### Work order:
For this exercise, reproduce the entries below exactly, but only from the line containing "Streamer wanita AfreecaTV" through the line containing "Nämlich Cadbury Peppermint", both included.

### Data:
[Start of Attachment]

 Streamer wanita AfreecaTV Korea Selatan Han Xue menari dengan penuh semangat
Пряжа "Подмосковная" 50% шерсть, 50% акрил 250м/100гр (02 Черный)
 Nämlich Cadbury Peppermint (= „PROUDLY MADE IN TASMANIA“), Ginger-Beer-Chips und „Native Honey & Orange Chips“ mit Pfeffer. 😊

[End of Attachment]
[Start of Attachment]

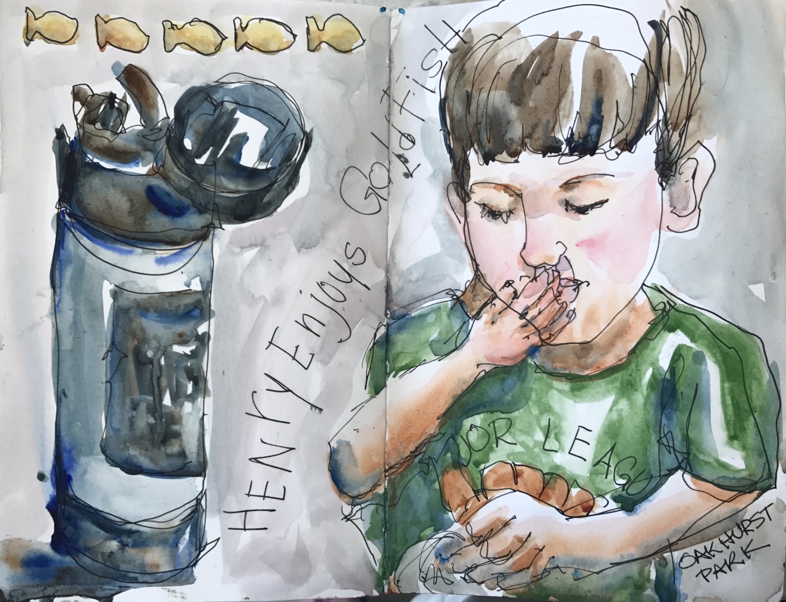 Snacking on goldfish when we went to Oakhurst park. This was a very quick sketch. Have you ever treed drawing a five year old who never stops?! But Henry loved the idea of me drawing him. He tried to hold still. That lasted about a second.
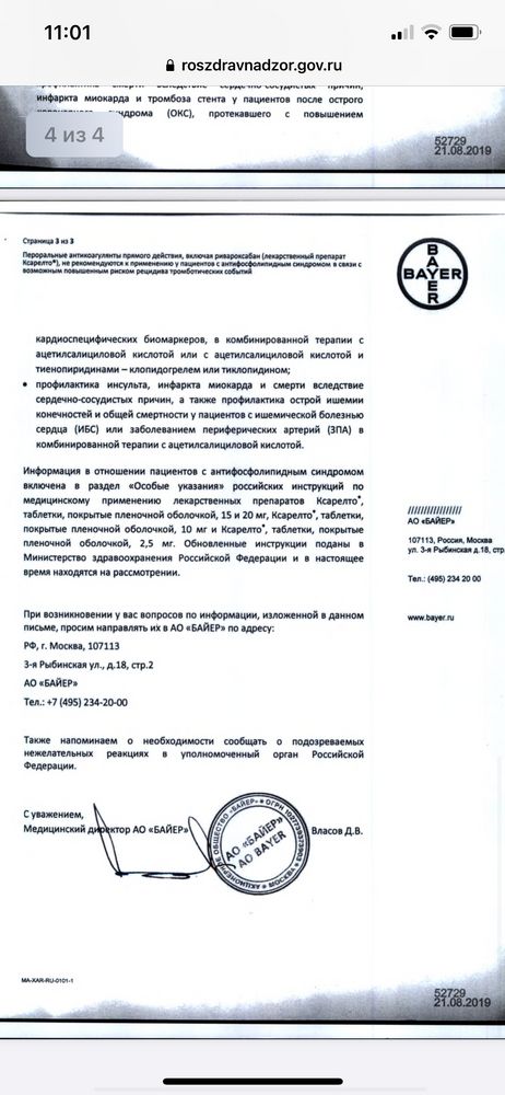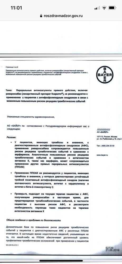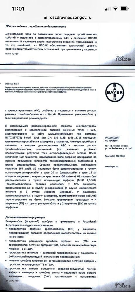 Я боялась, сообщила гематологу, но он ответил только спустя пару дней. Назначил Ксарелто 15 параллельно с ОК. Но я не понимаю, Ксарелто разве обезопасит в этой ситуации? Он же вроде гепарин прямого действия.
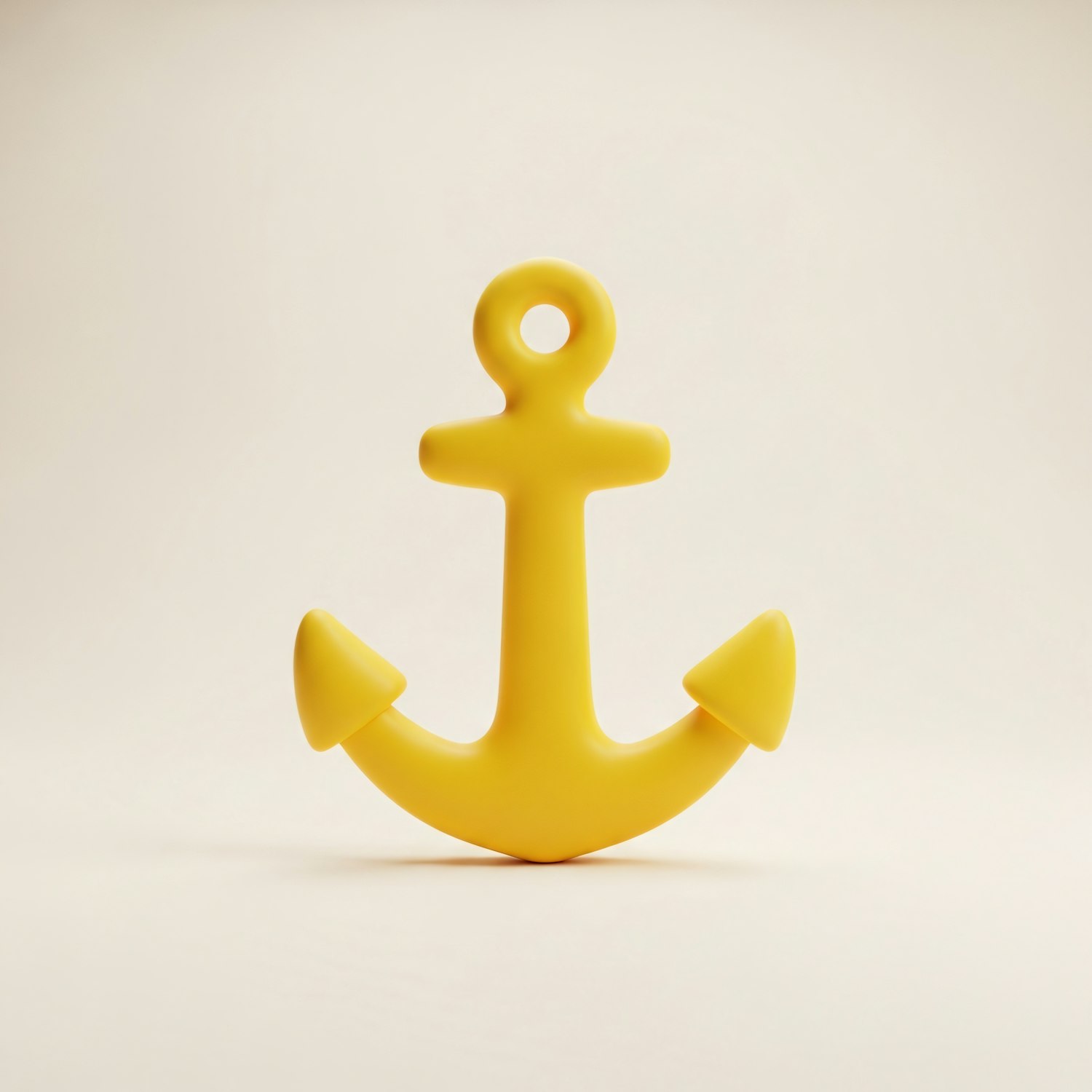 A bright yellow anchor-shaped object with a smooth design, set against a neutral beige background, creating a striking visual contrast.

[End of Attachment]
[Start of Attachment]

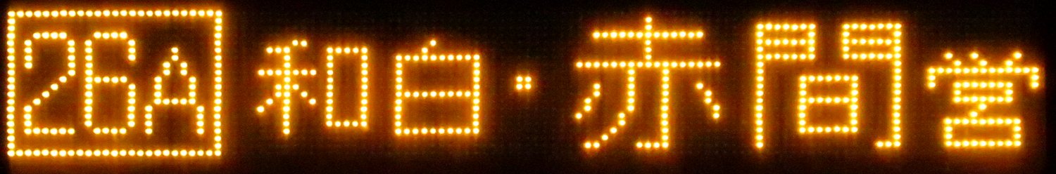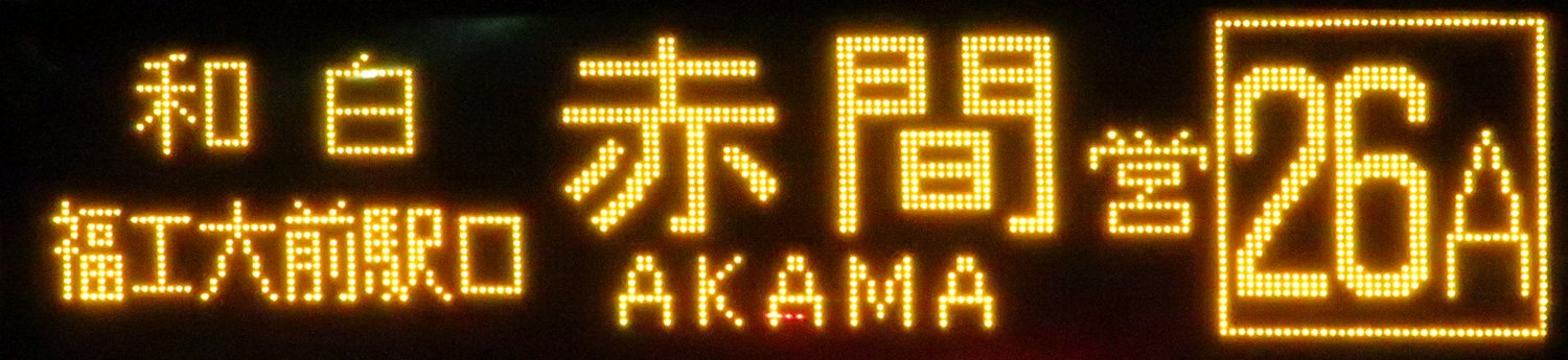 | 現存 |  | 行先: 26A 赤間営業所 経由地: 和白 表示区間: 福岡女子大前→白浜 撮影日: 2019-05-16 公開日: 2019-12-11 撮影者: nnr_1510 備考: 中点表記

[End of Attachment]

### Output:
 Streamer wanita AfreecaTV Korea Selatan Han Xue menari dengan penuh semangat
Пряжа "Подмосковная" 50% шерсть, 50% акрил 250м/100гр (02 Черный)
 Nämlich Cadbury Peppermint (= „PROUDLY MADE IN TASMANIA“), Ginger-Beer-Chips und „Native Honey & Orange Chips“ mit Pfeffer. 😊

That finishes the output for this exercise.